Selection rules in electric dipole appoximation

[blue_leaf77]

Some literatures say that the selection rule in electric dipole approx. for angular momentum $\Delta j = 0,-1,1$ some other say $\Delta l = -1,1$. I follow the notation used in my references, despite the difference I think since j and l are both angular momenta which fulfill angular momentum commutation relations, I can regard them to be the same. But why are they different?

 

[DrClaude]

$\Delta l = \pm 1$ is due to conservation of angular momentum, as a photon has spin 1. But since $\hat{\jmath} = \hat{l} + \hat{s}$, you can find combinations of $l$ and $s$ (or $m_l$ and $m_s$) such that $l$ changes by 1, but $m_l$ changes also such that $j$ doesn't change.
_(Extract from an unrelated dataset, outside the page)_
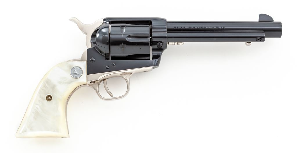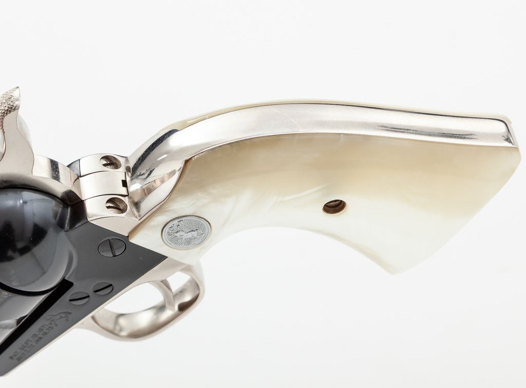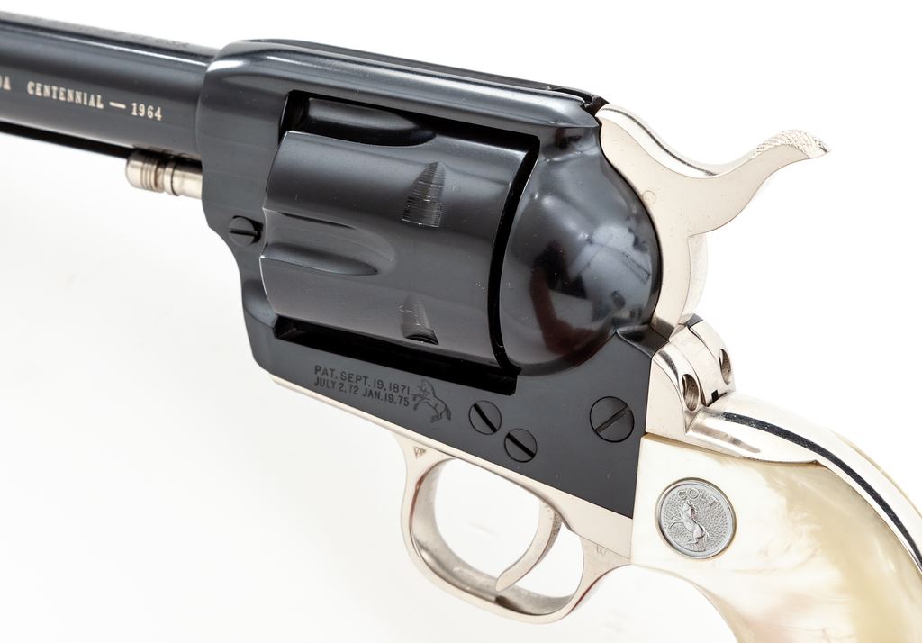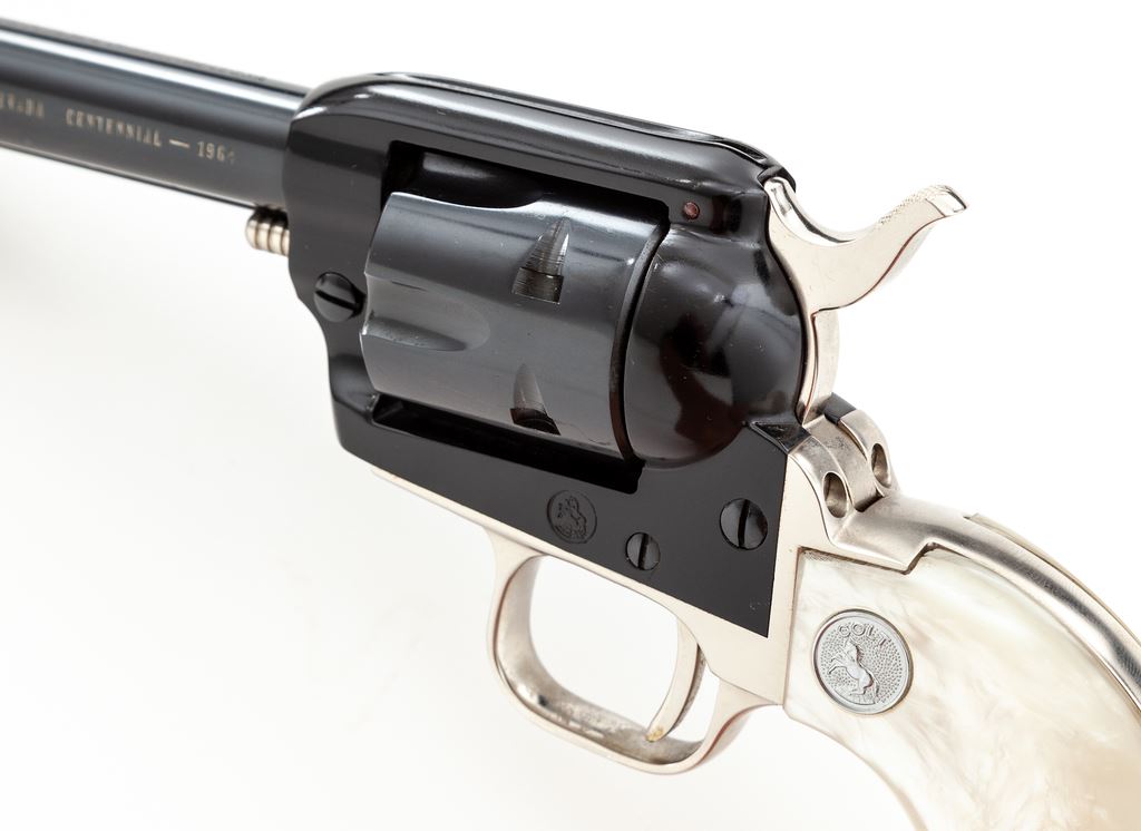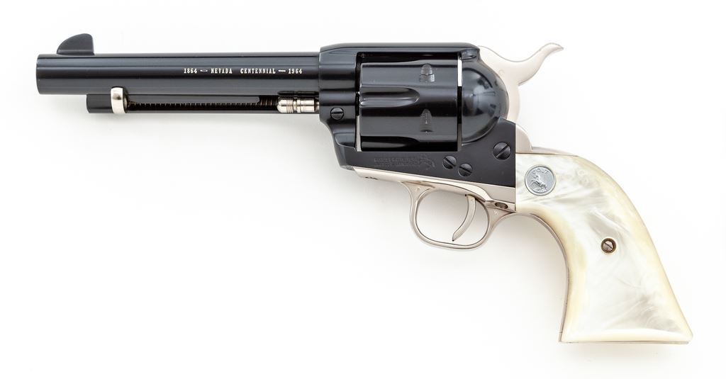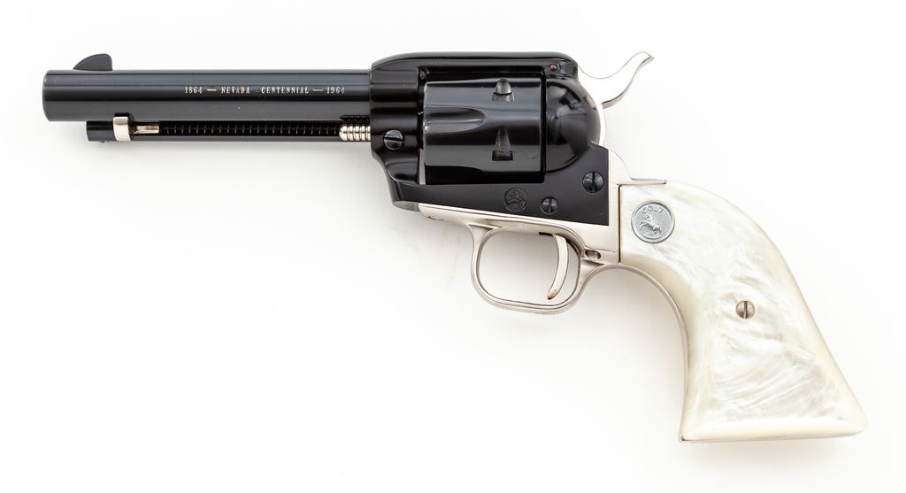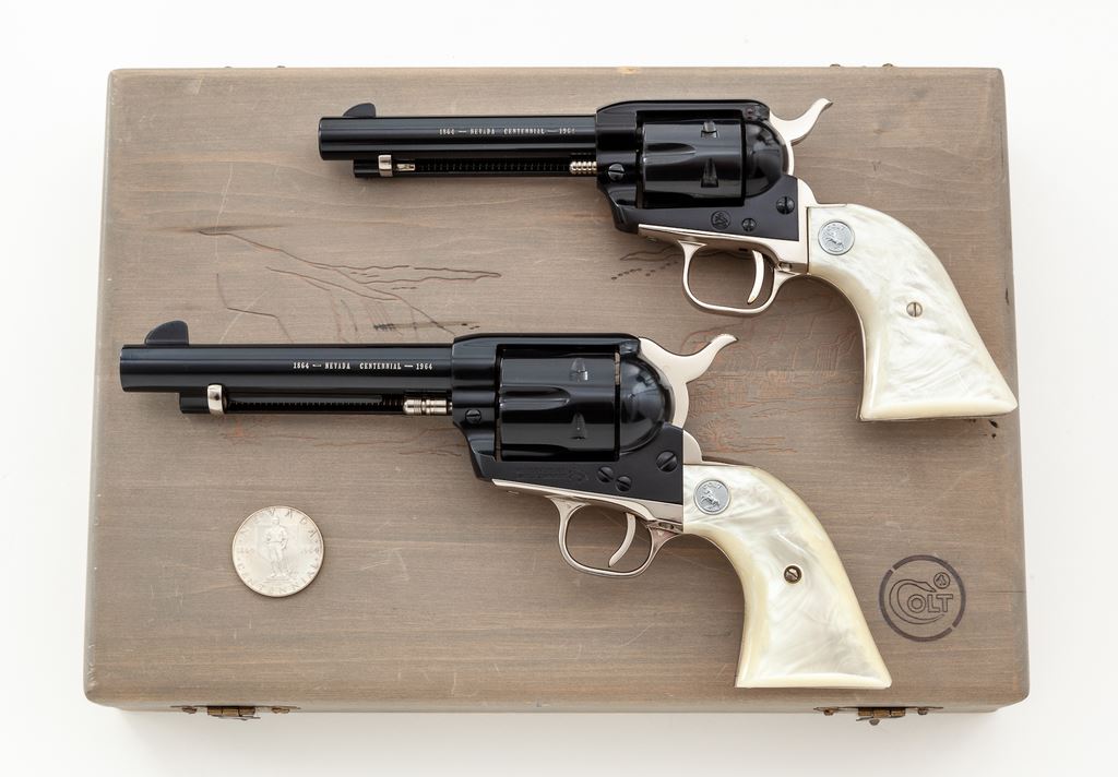 Cased Pair of Colt Commemorative Nevada Centennial Single Action Revolvers: 1.) #0841NC, .45 LC cal., 5.5'' barrel, blue finish, nickel triggerguard, faux pearl grips with silver Colt medallions, and standard sights. Left side of barrel is marked ''1864-NEVADA CENTENNIAL-1964''. 2.) Frontier Scout, #0841NS, .22 LR, 4.75'' barrel, finishes and grips match the first revolver. In original wood display box with light blue interior and Nevada centennial coin. Approx. 189 of these numbered sets were mfg'd in 1964. Both revolvers are in excellent overall condition, appearing unfired, with approx. 99% remaining factory finishes. Metal with intermittent micro-scratches and small handling marks. The .45 revolver with a very light index line; .22 LR cylinder appears unturned. Grips are excellent, no chips or cracks. Factory lettering is crisp and clear. Bores are mirror bright. Commemorative coin is tarnished and needs cleaning. Case exterior with scattered light scratches and other moderate storage wear. Est.: $1,400-$1,800/set. (C&R)(Sierra Sid's Casino, Sparks, NV.)

Note that this is not possible when $j = 0$, such that $j = 0 \rightarrow j'=0$ transitions are forbidden (i.e., only for $j \geq 1$ is $\Delta j = 0$ allowed).

 

[blue_leaf77]

but $m_l$ changes

Did you mean $s$ in place of $m_l$?

 

[DrClaude]

Did you mean $s$ in place of $m_l$?

No. The electromagnetic field doesn't couple to spin, so you have $\Delta S = 0$ for many-electron atoms.

 

[blue_leaf77]

If I take an example of transition from $1s_{1/2}$ to $2p_{1/2}$, would that be a good example?

 

[DrClaude]

Starting from $l=0, m_l = 0, s= 1/2, m_s = 1/2, j= 1/2, m_j = 1/2$, the atom can absorb a $\sigma^-$ photon ($\Delta l = 1$, $\Delta m_l = -1$), to end up in the state with $l=1, m_l = -1, s= 1/2, m_s = 1/2, j= 1/2, m_j = -1/2$.

Note that the same photon can also lead to a transition to $l=1, m_l = -1, s= 1/2, m_s = 1/2, j= 3/2, m_j = -1/2$.